The doctrine of “¡Legislative equivalency requires that a position created by a legislative act can only be abolished by correlative legislative act” (Matter of Torre v County of Nassau, 86 NY2d 421, 426 [1995]; see Matter of Chandler v Village of Spring Val., 104 AD3d 847 [2013]; Matter of Campana v Chiseri, 242 AD2d 716 [1997]). Pursuant to section 2.02 (1) of the Orange County Charter and Orange County Administrative Code, the Orange County Legislature possesses sole authority to “establish or abolish positions of employment and titles thereof.” Here, the County Legislature had not taken any action to abolish the subject positions at the time the County Executive terminated the subject employees’ employment. While the Orange County Charter and Orange County Administrative Code give the County Executive the authority to “supervise, direct and control and administer all departments” (Orange County Charter § 3.02 [e]; Administrative Code § 3.02 [e]), they do not give the County Executive the authority to terminate the employment of civil service employees without a proper abolition of tbe positions by the County Legislature in accordance with the doctrine of legislative equivalency (see Torre v County of Nassau, 86 NY2d at 427-428; see also 1976 Ops Atty Gen 7, 1976 WL 350099, 1976 NY AG LEXIS 5). Further, County Charter § 4.10 (a) does not authorize the County Executive to undertake any “remedial action” constituting, inter alia, unilateral modification to the budget and/or abolition of legislatively created positions (see generally Matter of Dutchess County Legislature v Steinhaus, 56 AD3d 469, 470-471 [2008]; Suffolk County Assn. of Mun. Empls. v County of Suffolk, 175 AD2d 202, 203 [1991]; Matter of Henry v Noto, 74 AD2d 604, 605, mod on other grounds 50 NY2d 816 [1980]). Therefore, under these circumstances, the County Executive did not have the authority to terminate the subject employees’ employment for economic reasons, effective October 29, 2010.

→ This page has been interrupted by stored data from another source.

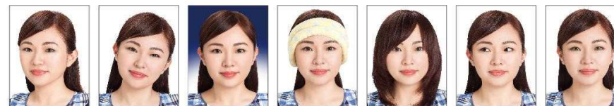
頭部側向一邊、未正視鏡頭 頭部傾斜不正 背景色彩非白色 臉部及雙耳被物品遮蔽 頭髮遮蔽到眼睛或耳朵 眼睛未正視鏡頭 使用有色隱形眼鏡
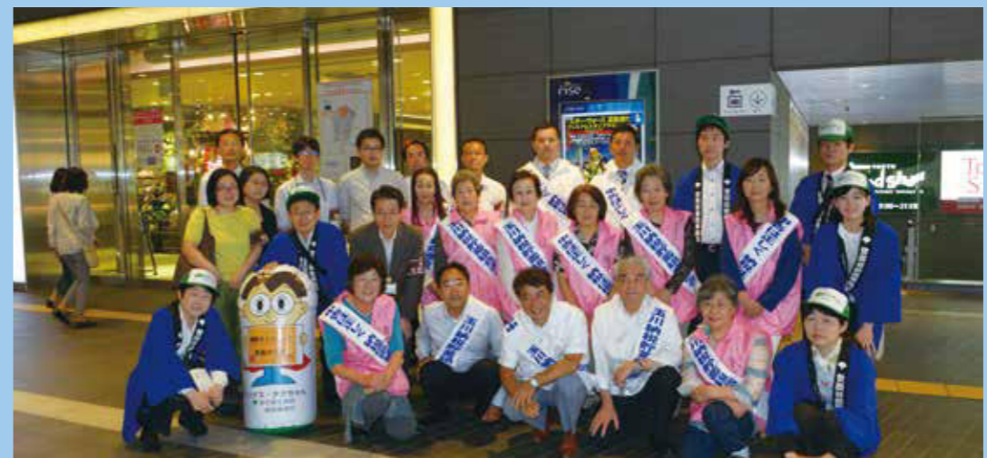
5月14日(木) 二子玉川駅改札前

今年も春の納税キャンペーンを二子玉川駅改札前にて実施しました。当日の東京の最高気温は28.6度(昨年より暑いです)、開始時間は午後1時半で、ひときわ暑い時間帯でした。その暑さの中を、玉川納税貯蓄組合連合会の皆様には大勢ご参加いただきました。本当にありがとうございました。三年連続天気に恵まれておりますのは、皆様の日頃の行いのおかげでございます。来年もよろしくお願ひいたします!
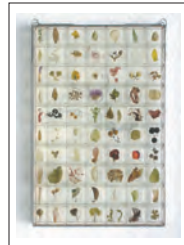
右: 鈴木亘彦 《Swamp of Mirror (植物)》 2008年/ガラス、鏡、合成樹脂、 植物/30.0×21.0×2.4cm
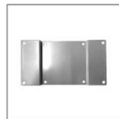
200 x 100 VESAブラケット
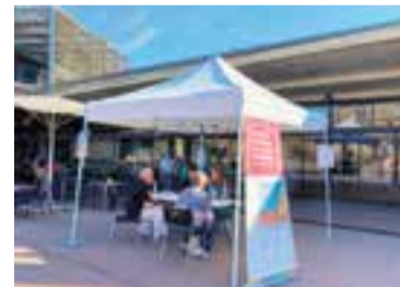
Punt informatiu al mercat.

Segons informen des del Consell Comarcal, hi ha algunes modificacions al que hi havia establert fins al 30 de novembre: d’entrada, la novetat principal és que s’allarga el termini de presentació de sol·licituds fins al 30 de juny del 2024. També s’augmenta la dotació econòmica de la convocatòria i, en tercer lloc, s’incorpora la possibilitat de sol·licitar dues bestretes per al programa d’ajuts a les actuacions de rehabilitació d’edifici: d’una banda, la possibilitat la
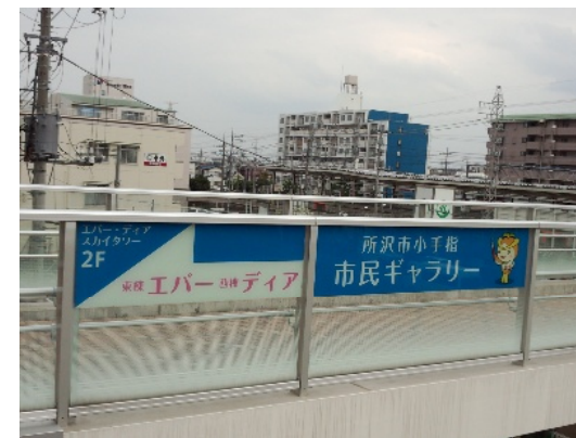
表示があってわかりやすくなりました
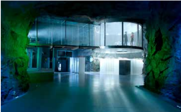
Bahnhof Pionen. www.bahnhof.net

Bahnhofs servrar, som bland annat rymmer materialet från Wikileaks. Just detta material är inte särskilt omfattande när det gäller datamängd, men symboliskt är det desto större. Wikileaks passar också för att bidra till frammanandet av suggestiva bilder av Pionen.
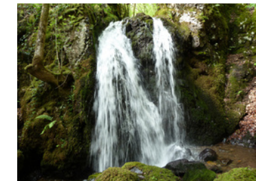
waterval van la Dragne
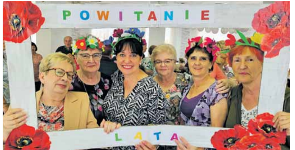
Wycieczka seniorów do Jedliny Zdrój na powitanie lata
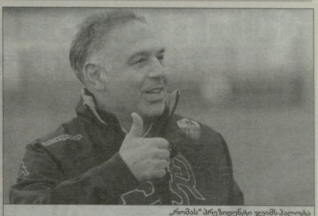
„რომას“ პრეზიდენტი ვეჯის პალოტა
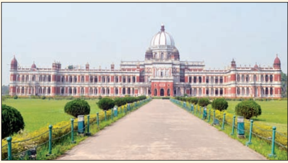
কোচবিহারের ঐতিহাসিক ঘটনা ও ঐতিহ্যবাহী লোকসংস্কৃতি তথা কোচবিহারের ইতিহাসকে শুধুমাত্র বাংলা ভাষাভাষী মানুষের গণ্ডির মধ্যে না রেখে তা দেশ-বিদেশের মানুষের কাছে পৌঁছে দেওয়া দরকার।

ইতিহাস। কোচবিহার জেলার প্রাচীন দেবালয়গুলির কথাও মানুষ জানতে পারেননি। ইংরেজি ভাষায় বই পাওয়া গেলে তিনিও কোচবিহারের অনেক তথ্য জানতে পারতেন। কিন্তু তা হল না। জেলাশাসক বলেন, কোচবিহারের ইতিহাসিক ঘটনা ও ঐতিহ্যবাহী লোকসংস্কৃতি তথা কোচবিহারের ইতিহাসকে শুধুমাত্র বাংলা ভাষাভাষী মানুষের গণ্ডির মধ্যে না রেখে তা দেশ-বিদেশের মানুষের কাছে পৌঁছে দেওয়া দরকার। আর দেশ-বিদেশের বই পড়ুয়া, অগ্রগণ্য তথ্য গবেষকদের কাছে তা তুলে ধরতে হলে তথ্যসমৃদ্ধ ইংরেজি ভাষায় বই প্রকাশের বিশেষ প্রয়োজন রয়েছে। তিনি এজন্য গবেষক, সাহিত্যিক তথা প্রকাশকদের এগিয়ে আসার আহ্বান জানান। তিনি বলেন, শুধুমাত্র ভাষাগত কারণে একটি ঐতিহ্যবাহী জেলার ইতিহাস দেশ-বিদেশের মানুষের কাছে অধরাই থেকে যাচ্ছে। এটা ঠিক নয়। সবার কাছে পৌঁছে দিতে হবে এখানকার লোকসংস্কৃতি ও সাহিত্যসংস্কৃতির
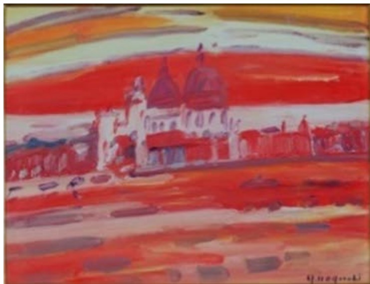
▲「ヴェニス」(1966) 美術・歴史館所蔵
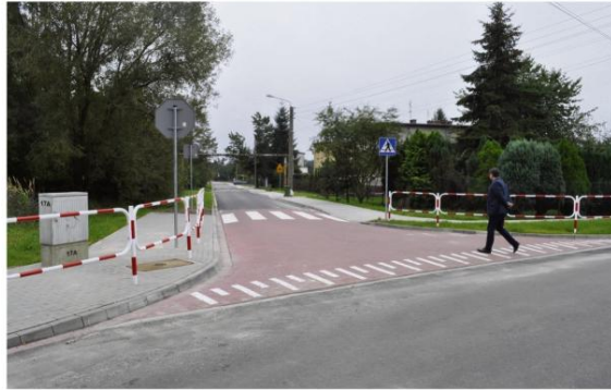
Nowe ulice na Osiedlu Domków w Zaborzu.
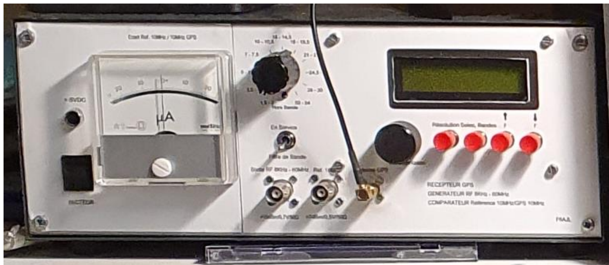
12/2022 RECEPTEUR GPS / GENERATEUR 50KHz à 60MHz /COMPARATEUR de PHASE (don de F6AJL)
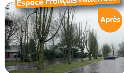
Espace François Mitterrand
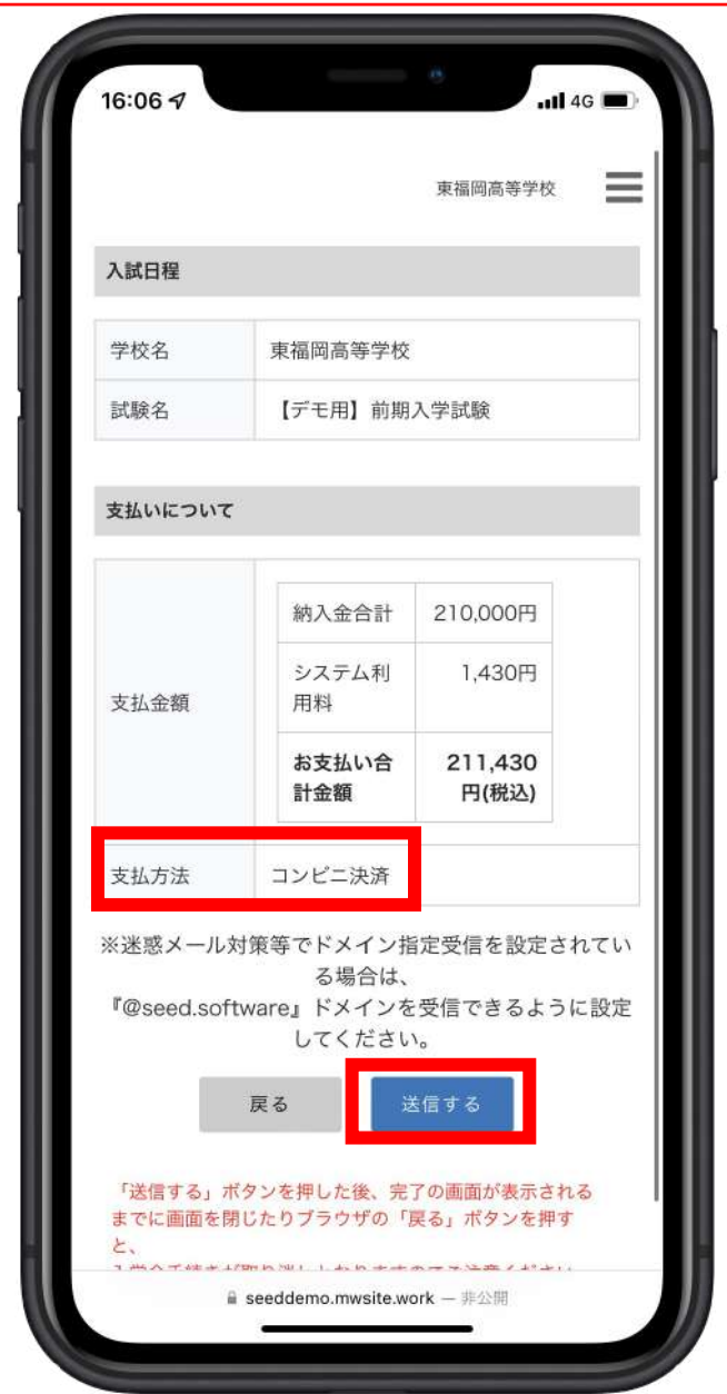
「コンビニ決済」の画面。「送信」をタップ。
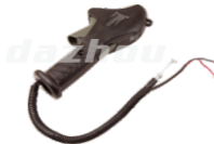
名称: 鱼头开关 THROTTLE LEVER NO:MPM-023
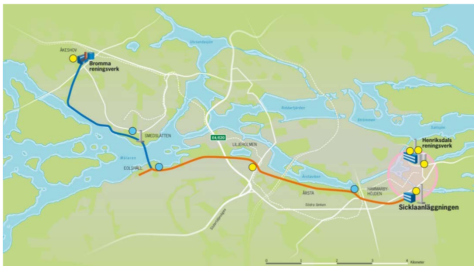
Figur 1: Huvudsaklig tunnelsträckning

Den tunnel som byggs för att överföra avloppsvatten från Bromma och Eolshäll till Sickla kommer att utföras med en tvärsnittsytta om ca 20 m 2 . Tunneln blir ca 14 km lång och kommer att brytas med konventionell teknik. Att använda konventionell teknik blir billigast och medger en relativt kort byggperiod. Figur 1 visar huvudsaklig tunnelsträckning.
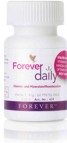
Art. 439 Forever daily™
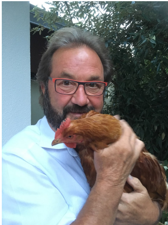
Wou dat hei hier ass, sinn der nach e puer.

Zwee och am Alter nach zimmlech wibbeleg Hënn passe bei de Meeschter wéi d'Fauscht op d'A. Geet dat duer? Nee, an de leschte Méint ass nach eng Hickecht Hénger op Fréiseng geplënnert, an déi halen hie schonn eleng waarm, well si fläisseg hir Eeër leeën an all Dag musse versuergt ginn.
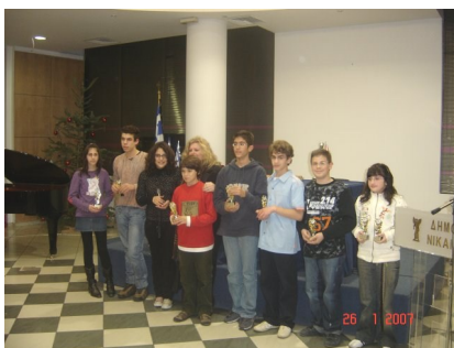
Βράβευση των σκακιστών

Ακολούθησαν οι βραβεύσεις των αθλητών του σκακιστικού τμήματος που διακρίθηκαν τη χρονιά που πέρασε. Βραβεύτηκαν οι νεαροί αθλητές που οδήγησαν την ομάδα μας στην πρόσφατη επιτυχία της κατάκτησης της 3ης θέσης στο Πανελλήνιο Πρωτάθλημα Νέων στο Ρίο.
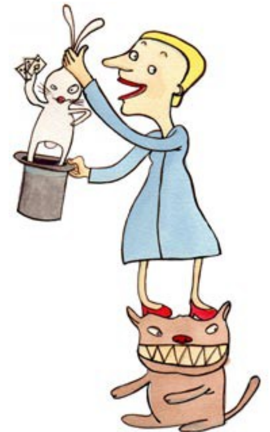
ÄLÄ ANNA TOISTEN HEIKENTÄÄ TARKKAAVAISSUUTTASI.

Jos jotakin sattuu, on suuri merkitys sillä, että pystyt kuvailemaan henkilöt. Tämä helpottaa huomattavasti poliisin työtä.
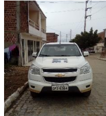
CHEVROLET S10 PLACA GFZ 6364 GASOLINA – 2016
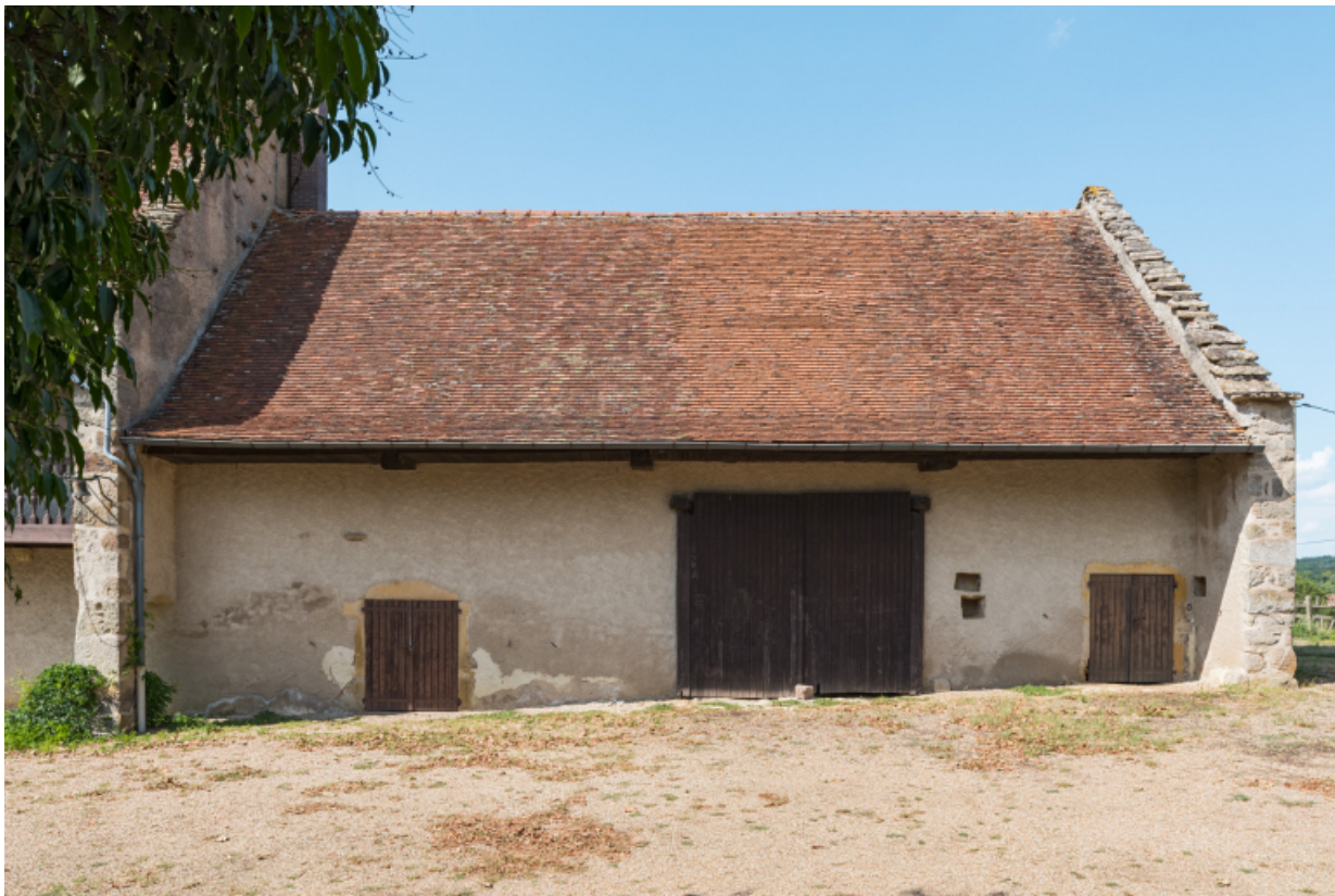
Vue de face de la façade antérieure de la partie agricole : grange et étables.

71, Amanzé, lieudit : La Grange Plassard
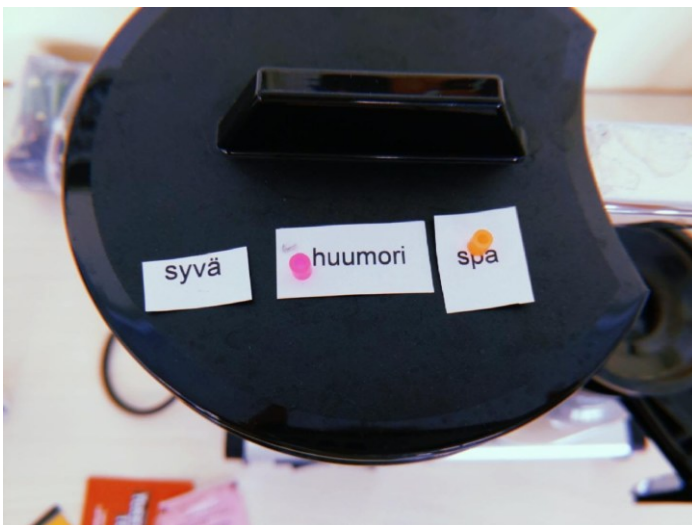
Kuva 6: Prosessista nousseita sanoja, joiden päällä äänestyskelmiä myös muille tärkeiden sanojen päällä.
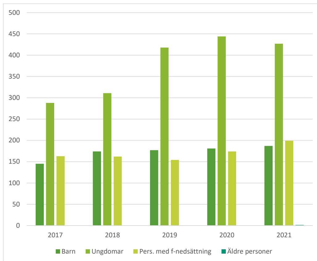
Diagram 2 – Beviljade medel per målgrupp 2017–2021 (mnkr)
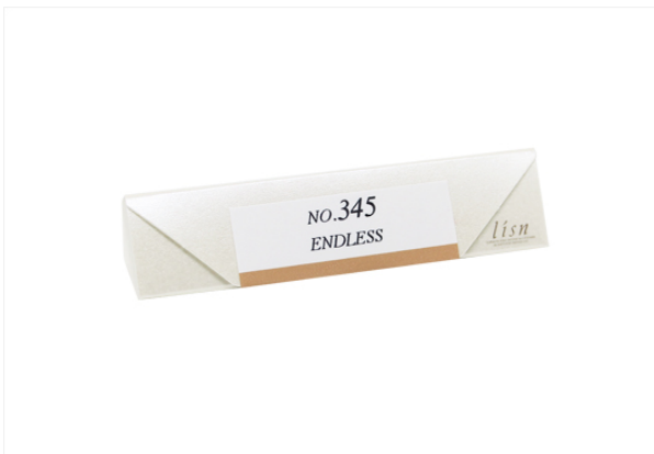
インセンス 10本入 パッケージ
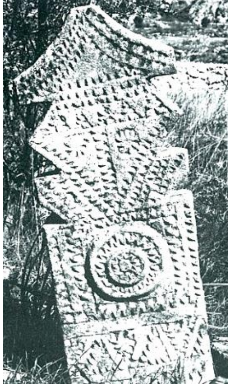
Şekil 10. Antalya, Güneş Motifli Mezar Taşı (Seyirci & Topbaş, 1996, s. 122).
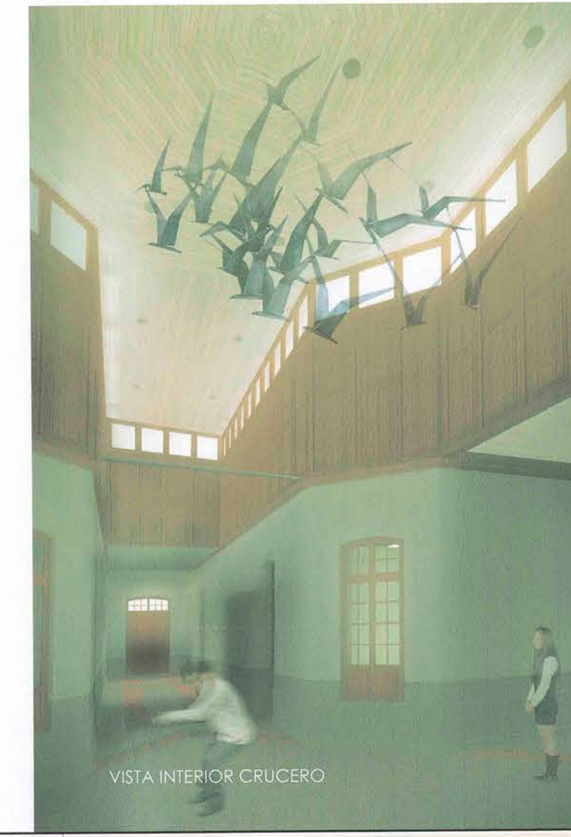
VISTA INTERIOR CRUCERO
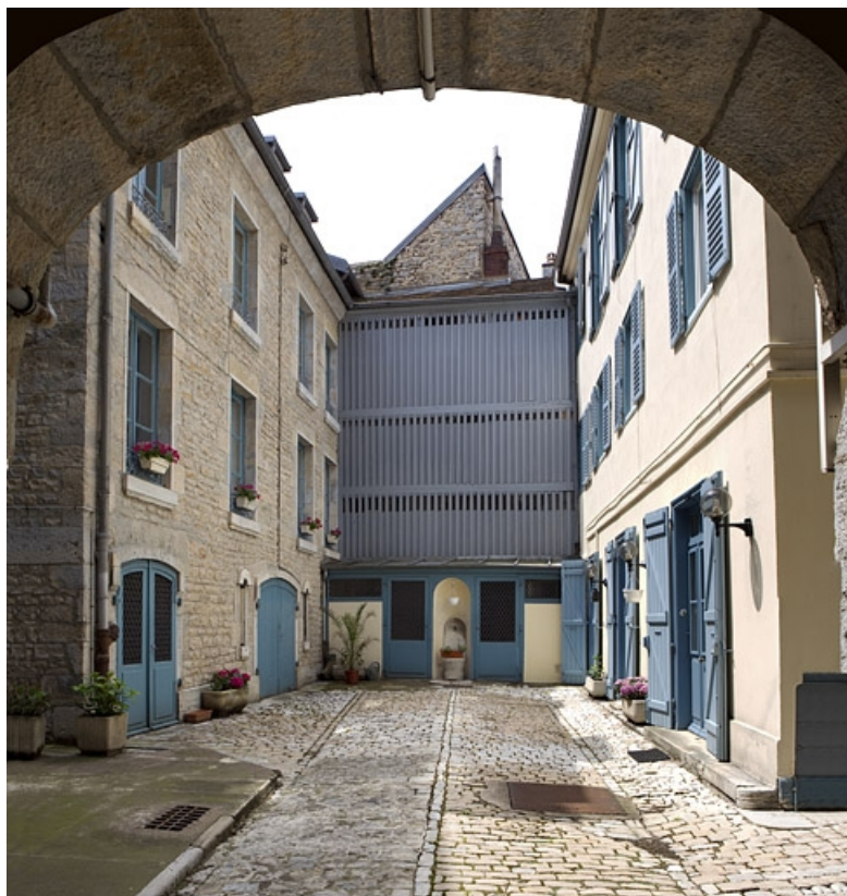
Vue d'ensemble de la cour depuis le portail d'entrée.

25, Besançon, 6 rue de Pontarlier, lieu dit : îlot des Martelots
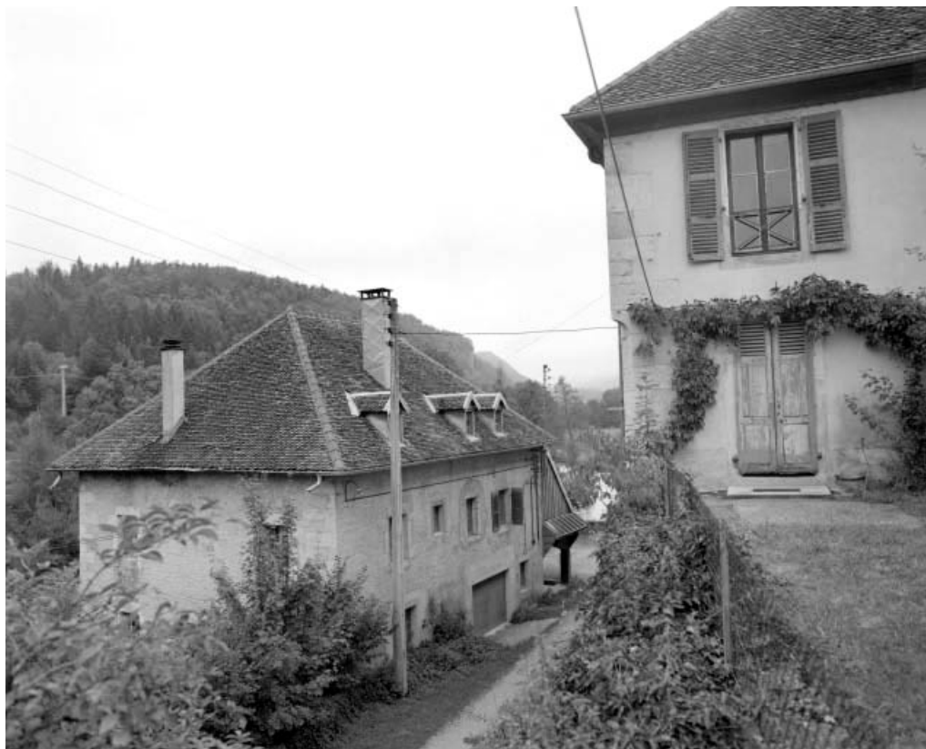
Moulin : façades antérieure et latérale droite.

Accordingly, the Supreme Court erred in denying the petition pursuant to CPLR article 78 and, in effect, dismissing the *986proceeding, and the matter must be remitted to the Supreme Court, Orange County, for a determination of all the benefits the subject employees would have been entitled to had they remained employed for the period from October 29, 2010, to December 31, 2010, and for a calculation of the principal sum of back pay to be awarded to the subject employees in accordance herewith and thereafter for the entry of an appropriate amended judgment. Rivera, J.P., Chambers, Hall and Miller, JJ., concur.